_WHAT THIS TASK INVOLVES:_ This exercise calls for an exact copy of the listing, with no pictures kept.

_SOURCE MATERIAL:_
=== Begin Enclosure ===

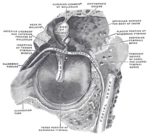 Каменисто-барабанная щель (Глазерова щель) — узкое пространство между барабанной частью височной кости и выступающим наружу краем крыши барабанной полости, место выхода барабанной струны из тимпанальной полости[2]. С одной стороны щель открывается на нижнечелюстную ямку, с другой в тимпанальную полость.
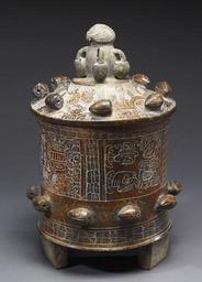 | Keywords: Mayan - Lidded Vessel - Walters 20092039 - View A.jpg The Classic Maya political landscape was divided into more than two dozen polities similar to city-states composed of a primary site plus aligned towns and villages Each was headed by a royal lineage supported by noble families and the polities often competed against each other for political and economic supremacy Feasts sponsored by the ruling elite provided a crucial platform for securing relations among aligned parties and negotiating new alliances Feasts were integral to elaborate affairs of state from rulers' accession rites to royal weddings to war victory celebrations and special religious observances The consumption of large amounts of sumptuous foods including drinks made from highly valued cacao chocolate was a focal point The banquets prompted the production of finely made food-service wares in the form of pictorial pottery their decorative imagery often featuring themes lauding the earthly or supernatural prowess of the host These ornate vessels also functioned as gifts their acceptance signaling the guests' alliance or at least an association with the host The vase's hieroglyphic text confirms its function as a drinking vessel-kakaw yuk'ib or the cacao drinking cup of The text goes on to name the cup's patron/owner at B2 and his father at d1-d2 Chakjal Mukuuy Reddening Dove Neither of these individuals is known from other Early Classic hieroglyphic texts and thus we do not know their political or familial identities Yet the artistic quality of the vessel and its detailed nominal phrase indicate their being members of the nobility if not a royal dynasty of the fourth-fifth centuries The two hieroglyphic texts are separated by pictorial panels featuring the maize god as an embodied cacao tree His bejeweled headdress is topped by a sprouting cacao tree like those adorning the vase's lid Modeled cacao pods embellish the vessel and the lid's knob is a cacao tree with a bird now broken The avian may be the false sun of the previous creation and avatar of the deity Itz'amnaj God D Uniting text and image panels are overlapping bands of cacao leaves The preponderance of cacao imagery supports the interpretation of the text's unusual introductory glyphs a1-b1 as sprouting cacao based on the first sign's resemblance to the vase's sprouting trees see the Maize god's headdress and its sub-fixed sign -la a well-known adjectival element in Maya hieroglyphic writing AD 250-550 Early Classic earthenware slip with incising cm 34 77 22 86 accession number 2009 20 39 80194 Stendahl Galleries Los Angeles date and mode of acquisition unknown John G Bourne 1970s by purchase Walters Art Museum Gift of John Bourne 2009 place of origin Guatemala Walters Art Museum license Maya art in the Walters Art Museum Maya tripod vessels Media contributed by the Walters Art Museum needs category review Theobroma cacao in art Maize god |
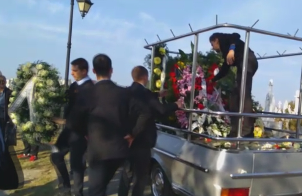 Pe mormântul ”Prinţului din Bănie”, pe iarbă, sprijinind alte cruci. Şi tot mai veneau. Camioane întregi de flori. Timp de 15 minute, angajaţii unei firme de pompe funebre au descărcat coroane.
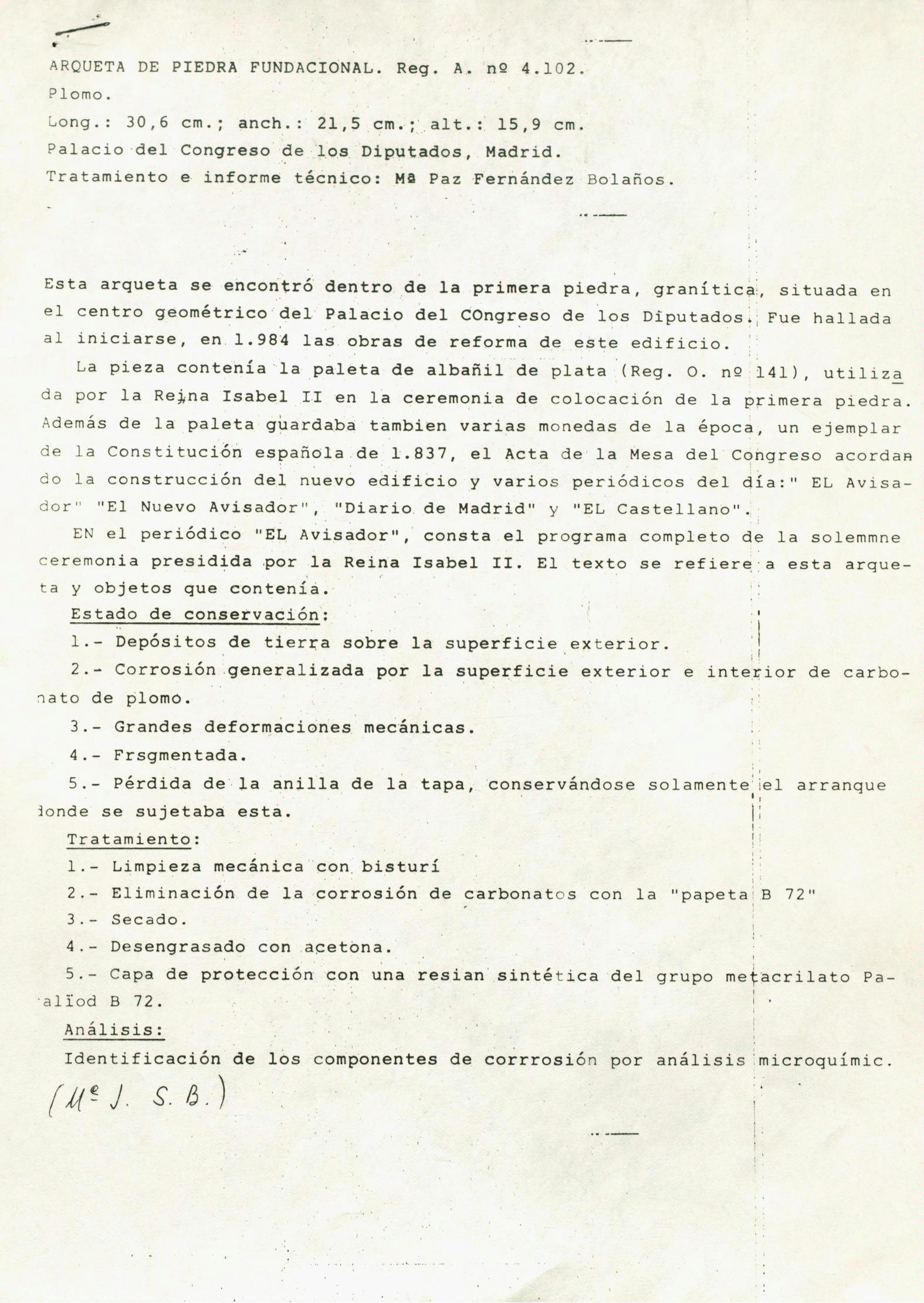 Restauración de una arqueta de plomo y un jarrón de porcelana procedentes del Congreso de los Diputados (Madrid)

=== End Enclosure ===

_EXERCISE ANSWER:_
 Каменисто-барабанная щель (Глазерова щель) — узкое пространство между барабанной частью височной кости и выступающим наружу краем крыши барабанной полости, место выхода барабанной струны из тимпанальной полости[2]. С одной стороны щель открывается на нижнечелюстную ямку, с другой в тимпанальную полость.
 | Keywords: Mayan - Lidded Vessel - Walters 20092039 - View A.jpg The Classic Maya political landscape was divided into more than two dozen polities similar to city-states composed of a primary site plus aligned towns and villages Each was headed by a royal lineage supported by noble families and the polities often competed against each other for political and economic supremacy Feasts sponsored by the ruling elite provided a crucial platform for securing relations among aligned parties and negotiating new alliances Feasts were integral to elaborate affairs of state from rulers' accession rites to royal weddings to war victory celebrations and special religious observances The consumption of large amounts of sumptuous foods including drinks made from highly valued cacao chocolate was a focal point The banquets prompted the production of finely made food-service wares in the form of pictorial pottery their decorative imagery often featuring themes lauding the earthly or supernatural prowess of the host These ornate vessels also functioned as gifts their acceptance signaling the guests' alliance or at least an association with the host The vase's hieroglyphic text confirms its function as a drinking vessel-kakaw yuk'ib or the cacao drinking cup of The text goes on to name the cup's patron/owner at B2 and his father at d1-d2 Chakjal Mukuuy Reddening Dove Neither of these individuals is known from other Early Classic hieroglyphic texts and thus we do not know their political or familial identities Yet the artistic quality of the vessel and its detailed nominal phrase indicate their being members of the nobility if not a royal dynasty of the fourth-fifth centuries The two hieroglyphic texts are separated by pictorial panels featuring the maize god as an embodied cacao tree His bejeweled headdress is topped by a sprouting cacao tree like those adorning the vase's lid Modeled cacao pods embellish the vessel and the lid's knob is a cacao tree with a bird now broken The avian may be the false sun of the previous creation and avatar of the deity Itz'amnaj God D Uniting text and image panels are overlapping bands of cacao leaves The preponderance of cacao imagery supports the interpretation of the text's unusual introductory glyphs a1-b1 as sprouting cacao based on the first sign's resemblance to the vase's sprouting trees see the Maize god's headdress and its sub-fixed sign -la a well-known adjectival element in Maya hieroglyphic writing AD 250-550 Early Classic earthenware slip with incising cm 34 77 22 86 accession number 2009 20 39 80194 Stendahl Galleries Los Angeles date and mode of acquisition unknown John G Bourne 1970s by purchase Walters Art Museum Gift of John Bourne 2009 place of origin Guatemala Walters Art Museum license Maya art in the Walters Art Museum Maya tripod vessels Media contributed by the Walters Art Museum needs category review Theobroma cacao in art Maize god |
 Pe mormântul ”Prinţului din Bănie”, pe iarbă, sprijinind alte cruci. Şi tot mai veneau. Camioane întregi de flori. Timp de 15 minute, angajaţii unei firme de pompe funebre au descărcat coroane.
 Restauración de una arqueta de plomo y un jarrón de porcelana procedentes del Congreso de los Diputados (Madrid)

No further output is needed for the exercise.